Multicast Enhancements

I spotted two new classes in System.Net.Sockets – namely UdpSingleSourceMulticastClient and UdpAnySourceMulticastClient and so I thought I’d give them a whirl.

UDP multicasting is not something that I know a “whole lot” about so bear that in mind. However, the support here essentially allows you subject to security policy to have Silverlight clients join a UDP multicast group and so you can fire UDP packets into that multicast group ( subject to understanding all the stuff about UDP being sessionless and so unreliable with a much greater need for application level ACKs and so on which I won’t do in my code here ) and have Silverlight clients pick them up which is pretty exciting stuff in you’re thinking about running Silverlight applications on a LAN.

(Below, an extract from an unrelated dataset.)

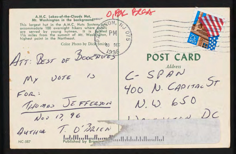 Selects a book on Thomas Jefferson for their "Best of Booknotes" vote.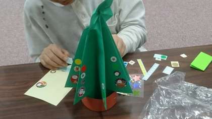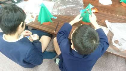 画用紙でクリスマスツリーを作って、シールなどで飾り付けをしました。

In order to make this work, the UDP sockets need security policy just like TCP sockets do in Silverlight so you’re going to need a different security policy server ( as far as I know at the time of writing ).

I haven’t looked at the exact details of this yet but in order to get your UDP stuff to work for a particular multi-cast group address like 239.0.0.1 you’re going to need to have a policy server listening on UDP Port 9430 (IPV4/V6) for UDP packets from Silverlight clients asking for a policy.

At the time of writing, the request for permission and the response to that request both look to be a chunk of binary ( rather than, say, serialized XML ) – whether this is a temporary thing in the preview I’m not sure but I’d imagine that by the time I publish this there will be a sample policy responder made available for people to use/alter to make it a lot easier.

However, the point is that there is an initial step to ascertain Security policy before the Silverlight networking stack allows the client to join a UDP multicast group just like there is with TCP sockets. Once that’s out of the way, code can start to run and interact.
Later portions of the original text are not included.